Cargo before passengers. The autonomous freight operations - Reliable Robotics in Albuquerque, Elroy Air in Louisiana, Beta’s medical supply runs - face simpler liability timelines and are the realistic Q4 2026 story.
Paying passengers in urban US airspace remain 2027 at the earliest. The summer 2026 start date is accurate for cargo. For air taxis, it is a target.
Each landing pad requires 1 to 2 megawatts of charging capacity. Vertiports need to be built. Digital airspace management systems need to be deployed. The infrastructure question is open.
China certified eHang for fully autonomous commercial passenger flights in 2023. The eIPP is explicitly a catch-up programme, framed as such in DOT communications.
Why it matters: The comparison to draw is Waymo’s early robotaxi permits: years of demonstration followed by a moment when the proof-of-concept phase quietly ended, and the data-gathering phase that enables permanent regulation began. That moment has arrived for eVTOL. For luxury hospitality, premium travel, and urban mobility operators, the question of what the air taxi tier looks like, and who shapes the experience layer above the aircraft, is now a near-term planning question rather than a futures exercise.
Meta spent $83.6 billion building a world nobody wanted to live in.
What’s happening: Meta announced Horizon Worlds will be removed from Quest headsets by 15 June and will survive only as a mobile app. Within 48 hours, CTO Andrew Bosworth reversed the decision on Instagram Stories, citing user feedback. The reversal changed nothing of substance. Reality Labs has accumulated $83.6 billion in cumulative operating losses since 2020. In Q4 2025, the division posted a $6.02 billion operating loss on revenue that accounted for roughly 1% of Meta’s total. Quest headset sales fell 16% year-over-year in 2025. The Horizon Worlds mobile app has 45 million downloads and $1.1 million in lifetime consumer spending. Meanwhile, Ray-Ban Meta AI glasses sold more than 7 million units in 2025. EssilorLuxottica reported that the category now drives more than a third of its quarterly revenue growth. Meta has paused the international rollout due to supply constraints and is in discussions to increase annual production capacity to up to 30 million units by the end of 2026.
TLDR:
The 48-hour reversal is the detail that tells the story: the platform is too symbolically loaded to close, but no new development is planned. It continues as a monument, not a product.
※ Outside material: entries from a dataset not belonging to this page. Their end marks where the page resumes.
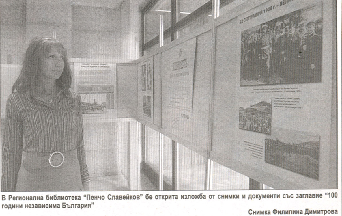 Документалната изложба "100 години независима България" е подредена във фоайето на Регионалната библиотека "Пенчо Славейков" със съдействието на Регионалният исторически музей и Музеят на старата фотография.
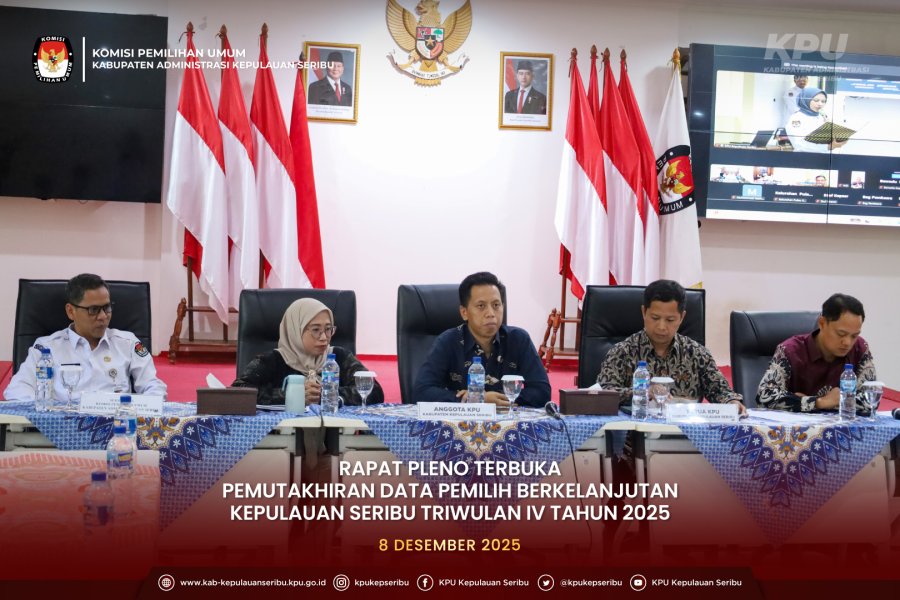 KPU Kabupaten Administrasi Kepulauan Seribu usai menggelar Rapat Pleno Terbuka Pemutakhiran Data Pemilih Berkelanjutan Tahun 2025 secara hybrid (luring dan daring) di Ruang Pola Kabupaten Administrasi Kepulauan Seribu, Pulau Pramuka pada Senin (8/12).
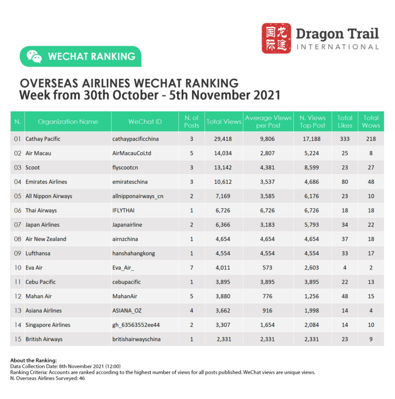 Ranking criteria: Accounts are ranked according to the highest number of views for all posts published. WeChat views are “unique views”.

The metaverse required users to step into a new world. The Ray-Ban glasses sit on your face in the existing ones. That is not a technology distinction. It is a behaviour distinction, and it explains everything.
EssilorLuxottica licenses to Oliver Peoples, Persol, and virtually every major luxury fashion house. It is now generating meaningful hardware revenue from AI glasses. That changes the category map.
Meta, Samsung, and Google all reached the same form-factor conclusion in the same quarter: wearable, lightweight, and ambient. Three of the world’s largest technology companies converging on a single hardware thesis in a single season is the signal, not the noise.
Reality Labs also covers AR and some AI research. The $83.6 billion figure is not purely metaverse spend. But Horizon Worlds is, and the mobile app has earned $1.1 million against it.
Why it matters: The eyewear angle is where the strategic implications are concentrated. EssilorLuxottica is the infrastructure of the premium eyewear category globally; it manufactures or licenses for the brands your customers already wear. That company is now a growth story in the technology hardware sector. For luxury houses with eyewear licensing agreements, the competitive question has shifted. The conversation about what an eyewear partnership is worth and what it means to be the frame on which the AI interface sits looks different this week than it did last.